++++ Input

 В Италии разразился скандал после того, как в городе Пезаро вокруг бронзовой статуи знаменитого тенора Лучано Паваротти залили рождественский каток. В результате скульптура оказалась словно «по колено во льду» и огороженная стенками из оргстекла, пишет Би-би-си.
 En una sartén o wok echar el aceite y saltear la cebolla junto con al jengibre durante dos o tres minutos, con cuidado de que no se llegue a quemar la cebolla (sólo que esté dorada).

++++++++
++++ Input

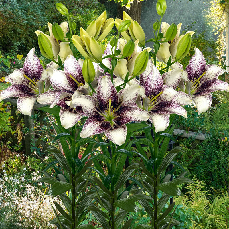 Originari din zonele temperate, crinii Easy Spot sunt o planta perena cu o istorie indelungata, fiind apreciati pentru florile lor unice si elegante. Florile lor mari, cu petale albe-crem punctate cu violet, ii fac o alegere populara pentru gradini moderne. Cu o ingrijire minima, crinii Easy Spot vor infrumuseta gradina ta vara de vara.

++++++++

◆ **Task prompt**
Return, word for word, the lines of the data above from the line with "В Италии разразился" through the line with "En una sartén", inclusive.

◆ **Result of this task**
 В Италии разразился скандал после того, как в городе Пезаро вокруг бронзовой статуи знаменитого тенора Лучано Паваротти залили рождественский каток. В результате скульптура оказалась словно «по колено во льду» и огороженная стенками из оргстекла, пишет Би-би-си.
 En una sartén o wok echar el aceite y saltear la cebolla junto con al jengibre durante dos o tres minutos, con cuidado de que no se llegue a quemar la cebolla (sólo que esté dorada).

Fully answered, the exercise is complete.